O efeito da sedação e da anestesia geral são fatores importantes a considerar na medição da PIO. Graffari et al. (2010) não encontraram nenhum efeito estatisticamente significativo da combinação de quetamina com midazolam na PIO, no entanto verificou-se uma tendência para o seu aumento. Estes resultados foram diferentes dos resultados de Hofmeister et al. (2006) que constataram aumento significativo da PIO quando utilizada a quetamina. A mesma equipa, em 2008 e 2009, reportou um aumento significativo da PIO causado pelo propofol. Almeida et al. (2004) não encontraram qualquer relação entre a PIO e o uso de sevoflurano e desflurano.
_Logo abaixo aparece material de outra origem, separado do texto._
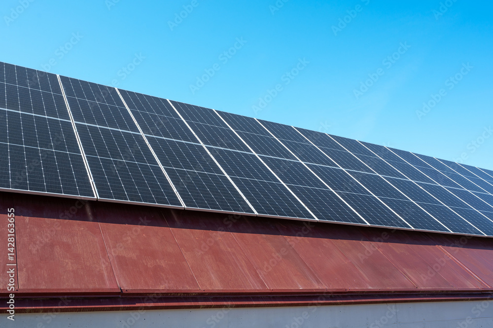Solar panels converting sunlight into renewable energy on a roof

A sedação com medetomidina e atipamazole em Golden Retriviers saudáveis não demonstrou ter qualquer efeito sobre a PIO (Wallin-Hakanson & Wallin-Hakanson, 2001).
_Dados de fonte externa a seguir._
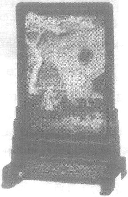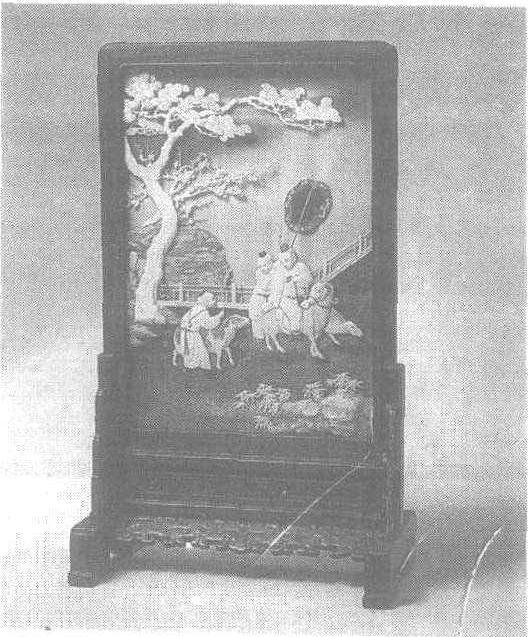 清代宫中室内几案上的陈设品。雍正五年 (1927) 清世宗胤禛命造办处牙匠制作此件插屏。插屏通高60.1厘米,屏心纵46.6厘米,横33.8厘米。“三羊开泰” 是明清书画、工艺品所广泛采用的题材之一,“羊”通“阳”字,意为新春吉祥,为岁首颂祝之吉词。此件象牙雕插屏四周包镶红木框,框下嵌刻兽面牙板,两侧承镂刻方夔纹站牙及回纹支座。插屏屏心以象牙为主体,刻“三羊开泰婴戏图”,三稚童嬉戏于三只白羊之间,或撑扇,或持鞭,或骑羊,神态各异,气氛欢洽,构图灵活,另衬以立体嵌松、竹、梅、石、水仙及栅栏。插屏背面裱洒金黄绢,上书行楷五言诗句: “两洗高秋净,天临大野闲。葱茏清万象,缭绕出层山。日落千峰上,云销万壑间。绿萝霜后翠,红叶两来殷。散彩辉吴甸,分形压悲关。欲寻霄汉路,翘首愿登攀。” 末署 “朱延龄秋山极天净诗”款。这件象牙雕插屏受明末清初 “周制百宝嵌”作法的影响,利用立体拨镂嵌刻、染色等技巧刻制而成,雕工精细,图案层次分明,景物栩栩如生,是清代雍正时期牙雕艺术珍品。

O efeito da manipulação das pálpebras e a compressão da veia jugular resultante de uma contenção excessiva ou de um colar isabelino demasiado apertado, pode elevar erradamente a PIO, particularmente em cães de raças braquicefálicas ou cães com olhos mais salientes (Klein et al., 2011).

O efeito da posição do corpo sobre a PIO em cães saudáveis foi avaliado por Broadwater et al. (2008), por tonometria de aplanação, tendo concluído a necessidade

de manter a posição do animal durante a medição da PIO e de, nas medições seguintes, usar o mesmo posicionamento. Durante o exame, a PIO não se alterou em cães que se mantinham em decúbito esternal sugerindo que esta é a posição que permite medições repetidas mais consistentes da PIO.

O estudo mais recente sobre o efeito da idade na PIO em cães é o de Mughannam et al. (2004) realizado a Labradores Retriever, em que as medições da PIO foram menores nos animais às 6 semanas de idade do que aos 14 meses, no entanto esta diferença não foi estatisticamente significativa. Gellat e Mackay (1998) reportaram uma redução da PIO de cerca de 2 a 4 mmHg à medida que a idade aumenta em cães entre os 2 e os 6 anos de idade.

Apesar de grande parte dos estudos em cães demonstrarem que o sexo não tem qualquer efeito na PIO, nos leões machos esta é significativamente mais alta do que nas fêmeas. Foi demonstrado também que o estado reprodutivo tem um efeito significativo na PIO em gatos e em leões, verificando-se um aumento da mesma em animais na fase lútea, quando os níveis de progesterona se encontram aumentados (Ofri et al., 1998; Ofri et al., 1999).

O ritmo circadiano afeta a PIO no cão. Martin-Suárez et al. (2014) concluiram que a PIO e a ECC em cães de raça Beagle tem uma variação diurna com valores mais elevados de manhã em comparação com os valores medidos ao final do dia, com uma correlação significativa entre ambos.

Em Medicina Humana, tem vindo a ser demonstrado uma relação entre a espessura da córnea e a PIO (Iliev et al., 2006). Também em Medicina Veterinária, Park

et al. (2011) sugeriram que, em Beagles, por cada aumento de 100 m na espessura da córnea, a PIO aumenta 1 mm Hg com o TonoPen® e 2 mm Hg com o TonoVet®.